In case study II, TKE above the wind farms was a factor of 20 higher than that in the ambient flow. A TKE of up to 2.5 m2 s−2 was observed at 250 m a.m.s.l. above the GW wind farms and 0.1 m2 s−2 within the background flow (Fig. 9b). The TKE maximum, visible in all four flights (Fig. 10b), corresponds to the southern edge of the GW wind farms – the region with the highest horizontal wind shear (Fig. 8b). In contrast, no TKE maximum can be observed upwind at the northern edge of the GW wind farms.
In case study III, a strong inversion generated a stably stratified environment, resulting in the lowest TKE values observed within our three case studies in the background flow and above the wind farm (Figs. 9c and 10c). Nevertheless, the values of TKE above the wind farms during all six flights were elevated compared to surroundings. The TKE maximum matched in location with the western edge of the wind farm where the horizontal wind shear was largest (Fig. 8c) due to the southwesterly background flow. During the last flight leg, the aircraft observed TKE on the order of 1.6 m2 s−2, 3 times higher than in the measurements conducted 40 min before (Fig. 10c). This specific flight leg also showed the strongest wind deceleration above the wind farm (Fig. 8c).

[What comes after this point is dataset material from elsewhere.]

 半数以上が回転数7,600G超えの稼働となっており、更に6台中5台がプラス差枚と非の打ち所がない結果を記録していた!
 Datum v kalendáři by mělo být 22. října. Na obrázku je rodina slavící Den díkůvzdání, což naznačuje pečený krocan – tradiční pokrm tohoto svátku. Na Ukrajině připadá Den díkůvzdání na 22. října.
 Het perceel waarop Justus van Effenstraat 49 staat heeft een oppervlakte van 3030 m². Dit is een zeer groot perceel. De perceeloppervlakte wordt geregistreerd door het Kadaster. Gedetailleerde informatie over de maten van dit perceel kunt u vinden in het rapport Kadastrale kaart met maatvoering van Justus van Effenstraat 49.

In summary, in every case, above the wind farm, the aircraft observed values of TKE between 5 and 20 times larger than the ambient values of TKE.
Herein, we present control simulations for each of the three case studies (I, II and III). We start with a comparison of the vertical profiles of the aircraft measurements and the profiles obtained by the simulations. As we want to evaluate the TKE above the wind farms that is in turn highly dependent on wind shear, we compare the wind speed measurements with simulations before we evaluate the simulated TKE in Sect. 4.3.

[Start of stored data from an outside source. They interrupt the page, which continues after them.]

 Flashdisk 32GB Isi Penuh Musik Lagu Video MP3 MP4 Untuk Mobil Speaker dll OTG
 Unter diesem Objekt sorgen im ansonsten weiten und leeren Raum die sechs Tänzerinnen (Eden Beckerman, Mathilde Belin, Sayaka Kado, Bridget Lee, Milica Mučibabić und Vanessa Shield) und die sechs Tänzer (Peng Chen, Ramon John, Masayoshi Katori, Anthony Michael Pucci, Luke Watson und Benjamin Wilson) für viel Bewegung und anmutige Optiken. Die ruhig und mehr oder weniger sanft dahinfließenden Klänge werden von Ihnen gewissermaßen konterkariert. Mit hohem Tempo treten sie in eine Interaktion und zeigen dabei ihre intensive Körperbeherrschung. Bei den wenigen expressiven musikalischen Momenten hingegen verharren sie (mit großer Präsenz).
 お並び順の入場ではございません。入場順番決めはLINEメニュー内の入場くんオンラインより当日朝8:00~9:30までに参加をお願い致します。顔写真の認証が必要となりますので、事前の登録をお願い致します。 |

4.1 Evaluation of the background flow
For case study I, the simulated potential temperature profile and the observations show a weakly stratified atmosphere (Fig. 6a), whereas the model is more stably stratified between 90 and 250 m a.m.s.l., resulting in stronger vertical wind shear in the model (Fig. 6d). This deviation could be rooted in a dislocation of the incoming trough, causing more westerly winds in the simulations than in the observations.
For case study II, the observed and simulated vertical structure of the atmosphere agree except for a cold bias in the potential temperature. The model predicts a potential temperature profile with a lapse rate similar to the observed one but with a cold bias of 0.5 K. The strong vertical wind shear within the lower rotor area is well represented, and so is the wind direction. Consequently, the orientation of the wakes in the SAR satellite observations (Fig. 4a) matches with that of the simulated wakes in Fig. 4b). Note that the SAR image taken on 14 October 2017 at 17:17 UTC should be only used to evaluate the orientation of the wakes. The lowest level of the control simulation is at 17 m a.m.s.l. Consequently, interpolating the wind speed to a height of 10 m is difficult. Therefore, we show the simulated wind speed at 17 m in Fig. 4b) for simplicity.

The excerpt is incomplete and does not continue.